Ovviamente nessuno oggi partirebbe per visitare Israele, i Territori palestinesi o il Libano. E si contano sulle punte delle dita chi va in iraq o Siria. Si tratta, a parte Israele, di destinazioni che in questi ultimi decenni sono state comunque di un turismo di nicchia. Nicchia che però non è per due altri Paesi della zona, Egitto e Giordania, politicamente oltre che storicamente e geograficamente molto coinvolti nei conflitti in corso.
In questi giorni entrambi i Paesi, colpiti da diverse cancellazioni di viaggi, si sono fatti avanti per scongiurare queste disdette. Il “Jordan Tourism Board Italy” fa sapere che la Giordania è un paese mediororientale in pace con tutti, tranquillo e ospitale, e che dall’8 ottobre in poi (irruzione di Hamas in Israele) non si registrano problemi. Il ministro del turismo egiziano, volato nei giorni scorsi a Roma per tranquillizzare gli operatori turistici, ha ricordato che l’Egitto è un grande Paese che da sempre lavora per la pace e continua l’impegno in atto per migliorare i servizi (alberghi e trasporti).

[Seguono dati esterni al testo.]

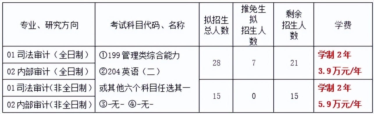 2026年,中国政法大学商学院开设全日制和非全日制审计专硕(代码:125700)。招生对象为所有自愿报考2026年中国政法大学审计专业硕士的校内外优秀大学生,报非全日制研究生只能选择“定向就业”。招生人数、学制、学费等见下表:

Il sito del ministero italiano degli Esteri che segnala le situazioni di crisi per chi si reca all’estero (Viaggiare sicuri), non indica problemi per entrambi i Paesi.
Tutto a posto?
Certo, oggi potrebbe essere un problema anche fare un viaggio a Parigi, Bruxelles, Londra e Berlino, per esempio, dove si registrano episodi violenti filo-Hamas di intolleranza (spesso a caso e non con precisione di obiettivi). Ma è innegabile che Giordania ed Egitto non sono Paesi potenzialmente sicuri quanto le quattro capitali europee citate. Inoltre, la situazione in “zona” e non solo, può degenerare nel giro di poche ore e - non sarebbe la prima volta - le persone più colpite sono spesso i turisti, soprattutto se di Paesi che sostengono in qualche modo Israele.

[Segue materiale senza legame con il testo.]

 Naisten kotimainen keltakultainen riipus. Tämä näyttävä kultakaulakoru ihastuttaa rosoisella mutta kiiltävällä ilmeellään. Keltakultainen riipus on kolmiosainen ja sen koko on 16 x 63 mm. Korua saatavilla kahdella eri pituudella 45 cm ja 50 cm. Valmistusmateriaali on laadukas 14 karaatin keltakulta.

Il nostro consiglio - non ce ne vogliano egiziani e giordani - è di evitare questi Paesi: la situazione è esplosiva (e potrebbe diventare tale anche a Roma… per inquadrare il contesto). L’archeologia, le bellezze naturali e storiche, le popolazioni di questi Paesi meritano di essere conosciute in presenza, ma non ora. Il fatto che loro ci rassicurano e che il nostro ministero degli Esteri non comunichi criticità, non basta… non sarebbe la prima volta che le istituzioni arrivano troppo tardi.